**Work request**
Set down all of the data that follows word for word, without the images.

*** Begin section ***

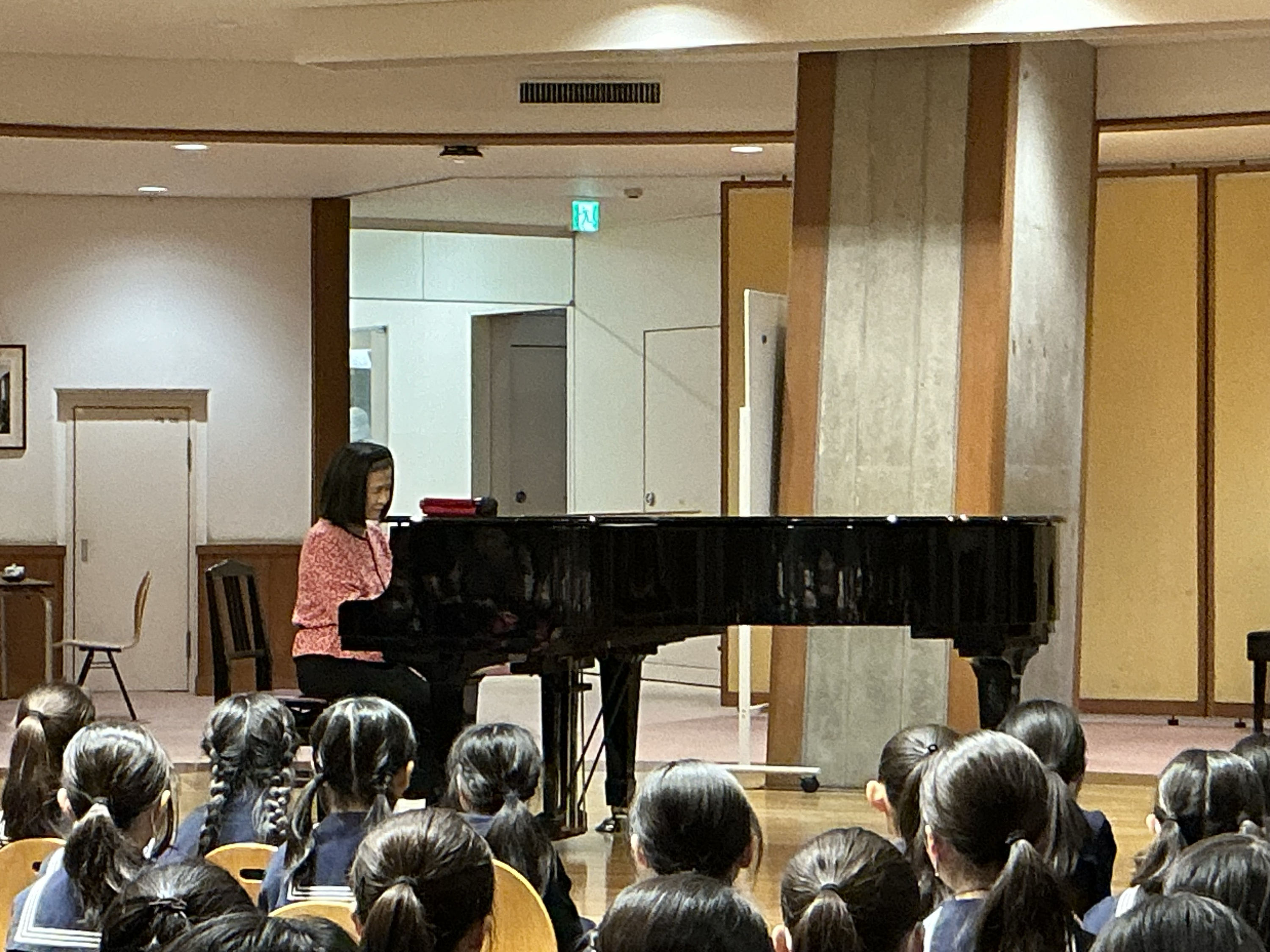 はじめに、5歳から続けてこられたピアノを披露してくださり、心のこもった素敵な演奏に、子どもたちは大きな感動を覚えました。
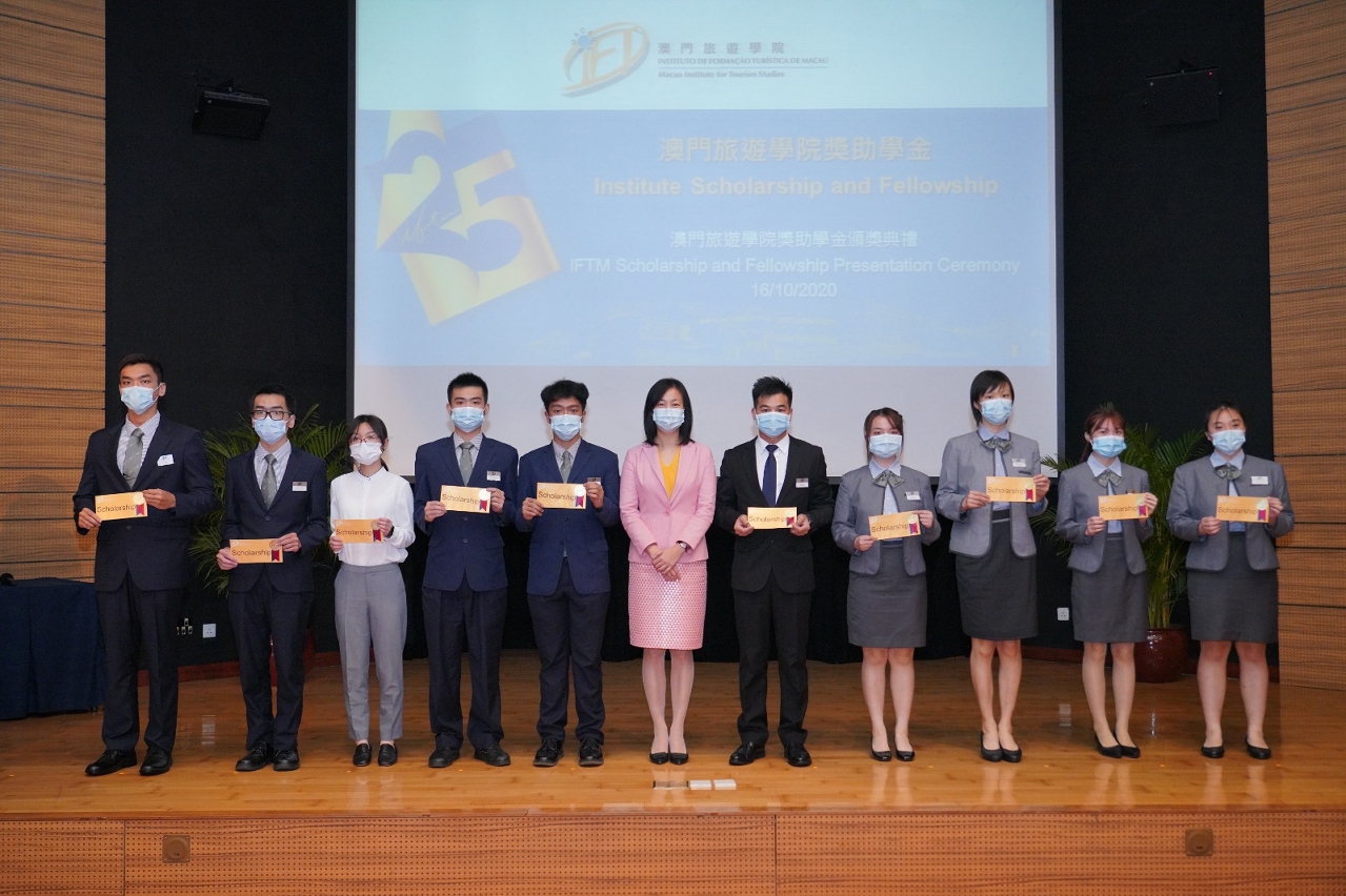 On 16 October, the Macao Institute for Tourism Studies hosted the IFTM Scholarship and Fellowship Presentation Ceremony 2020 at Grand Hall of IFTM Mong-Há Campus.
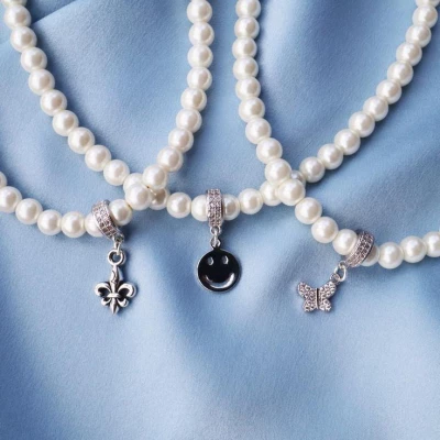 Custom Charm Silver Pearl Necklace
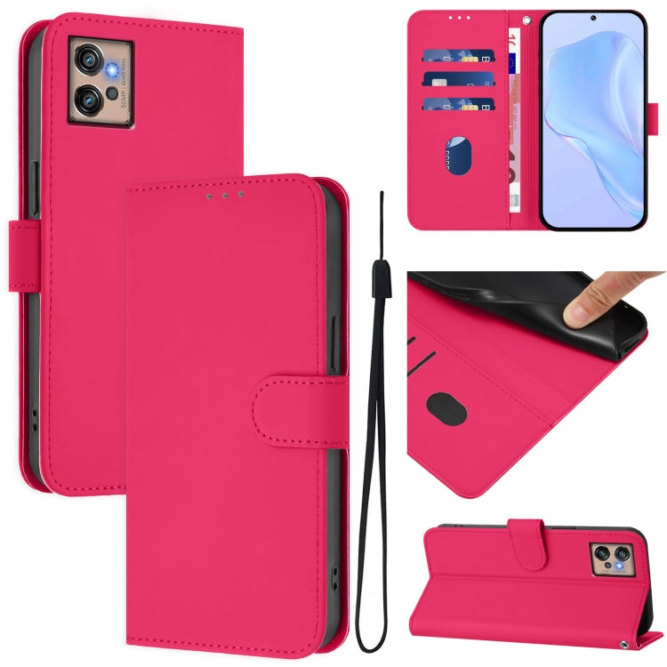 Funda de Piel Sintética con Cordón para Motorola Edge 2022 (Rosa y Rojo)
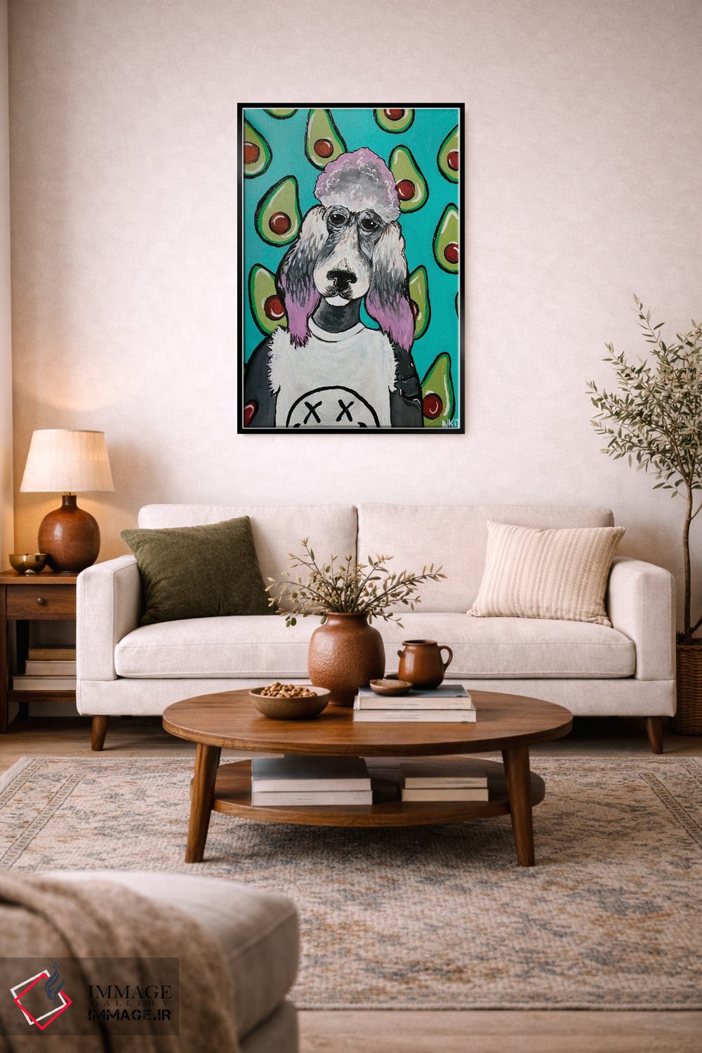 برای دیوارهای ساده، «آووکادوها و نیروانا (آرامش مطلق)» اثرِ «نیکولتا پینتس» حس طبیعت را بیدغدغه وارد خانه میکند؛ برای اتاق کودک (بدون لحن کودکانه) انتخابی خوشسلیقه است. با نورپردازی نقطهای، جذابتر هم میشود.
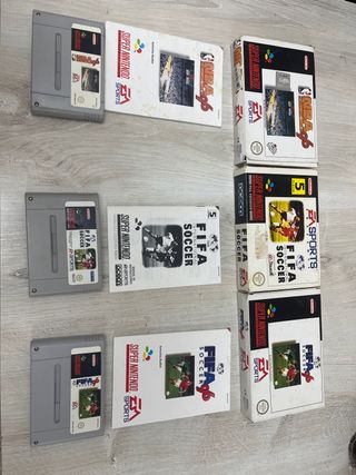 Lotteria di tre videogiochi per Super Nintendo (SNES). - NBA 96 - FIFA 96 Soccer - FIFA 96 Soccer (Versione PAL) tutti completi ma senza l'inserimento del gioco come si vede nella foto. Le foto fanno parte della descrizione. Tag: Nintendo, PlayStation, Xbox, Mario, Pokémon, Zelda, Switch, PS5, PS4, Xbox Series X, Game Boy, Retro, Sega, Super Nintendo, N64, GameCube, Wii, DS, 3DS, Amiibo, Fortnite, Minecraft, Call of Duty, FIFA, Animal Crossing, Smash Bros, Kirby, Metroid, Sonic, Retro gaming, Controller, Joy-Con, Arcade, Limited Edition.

*** End section ***

**Reply to the task**
 はじめに、5歳から続けてこられたピアノを披露してくださり、心のこもった素敵な演奏に、子どもたちは大きな感動を覚えました。
 On 16 October, the Macao Institute for Tourism Studies hosted the IFTM Scholarship and Fellowship Presentation Ceremony 2020 at Grand Hall of IFTM Mong-Há Campus.
 Custom Charm Silver Pearl Necklace
 Funda de Piel Sintética con Cordón para Motorola Edge 2022 (Rosa y Rojo)
 برای دیوارهای ساده، «آووکادوها و نیروانا (آرامش مطلق)» اثرِ «نیکولتا پینتس» حس طبیعت را بیدغدغه وارد خانه میکند؛ برای اتاق کودک (بدون لحن کودکانه) انتخابی خوشسلیقه است. با نورپردازی نقطهای، جذابتر هم میشود.
 Lotteria di tre videogiochi per Super Nintendo (SNES). - NBA 96 - FIFA 96 Soccer - FIFA 96 Soccer (Versione PAL) tutti completi ma senza l'inserimento del gioco come si vede nella foto. Le foto fanno parte della descrizione. Tag: Nintendo, PlayStation, Xbox, Mario, Pokémon, Zelda, Switch, PS5, PS4, Xbox Series X, Game Boy, Retro, Sega, Super Nintendo, N64, GameCube, Wii, DS, 3DS, Amiibo, Fortnite, Minecraft, Call of Duty, FIFA, Animal Crossing, Smash Bros, Kirby, Metroid, Sonic, Retro gaming, Controller, Joy-Con, Arcade, Limited Edition.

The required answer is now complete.